Status: Under Active Development (New Environments and features will be added)
Gym Chrono is a set of continuous state and action spaces DRL environmentbased on the open-source physics engine Project Chrono. In order to run these environment you need to install PyChrono. Being part of Project Chrono, PyChrono is free and open-source. Moreover, it provides an Anaconda installer. Currently, these tasks are supported:
chrono_pendulum-v0
Reverse pendulum, the goal is to balance a pole on a cart. 1 action (force along the z axis) and 4 observations (position and speed of cart and pole).
chrono_ant-v0
A 4-legged walker, the goal is learning to walk straight as fast as possible. 8 actions (motor torques) and 30 observations (GOG height, COG speed, COG orientation in Euler Angles, COG rotational speed, joints rotation, joints speed, feet contact).
chrono_hexapod-v0
A 6-legged walker, the goal is learning to walk straight as fast as possible. Heach legs counts 3 actuated joints. 18 actions (motor torques) and 53 observations (GOG height, COG speed, COG orientation in Euler Angles, COG rotational speed, joints rotation, joints speed, feet contact).

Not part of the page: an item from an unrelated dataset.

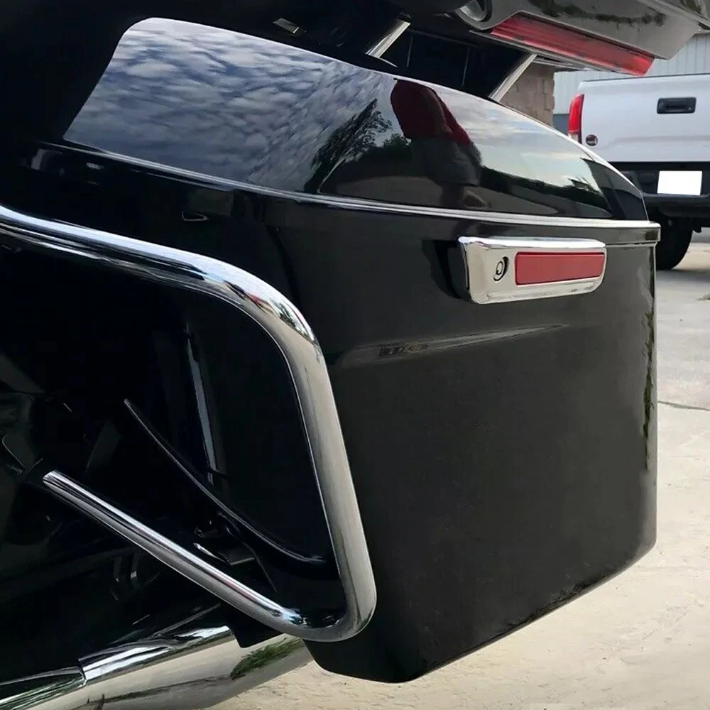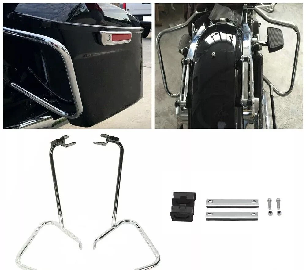 Rear Saddle bag Guard Bracket Crash Bar For Harley Touring Road Glide 2014-2024 Description Aftermarket 100% Brand New High Quality and very durable Easy to install Color: Black & Chrome Material: Steel Position: Rear Specification Custom Fit: Designed specifically for your vehicle, the brackets and covers are engineered for a seamless fit, ensuring a precise and secure fit. Enhanced Protection: These crash bars provide added protection to the saddlebags, helping to prevent damage in the event of a rollover or crash. Stylish Chrome Finish: Chrome plating provides a sleek, polished look that adds style and customization to the overall motorcycle look. Fitment Fits Harley Davidson 2014-later FLHRSE, FLHRXS, FLHT, FLHX, FLHXS, FLHXST, FLHXSE, FLTRU, FLTRUSE, FLTRX, FLTRXS, FLTRXST and FLTRXSE models. Stock on 2014-later FLH, FLHR, FLHRC, FLHTCU, FLHTCUL, FLHTK, FLHTKL, FLHTKSE, FLTRK, FLTRKSE and 2023-later FLHFB models. Does not fit 2023-later FLHXSE, FLTRXSE and 2024-later FLHX, FLTRX models. Package Include 1 set saddlebag supports, left and right guards with mounting hardware

This is a model of a real hexapod robot, the PhantomX Hexapod Mark II. Motors dara are available here. Credit to Hendricks for the CAD drawings.
ChronoRacer3Reach-v0
A 6-DOF robotic arm (Comau Racer-3), the goal is minimizing the distance between the center of the gripper and the center of the red target box. CAD files and part of the techical data are freely available from the Comau website here . 6 actions (motor torques) and 18 observations (joints rotation, joints speed, end-effector position, target position).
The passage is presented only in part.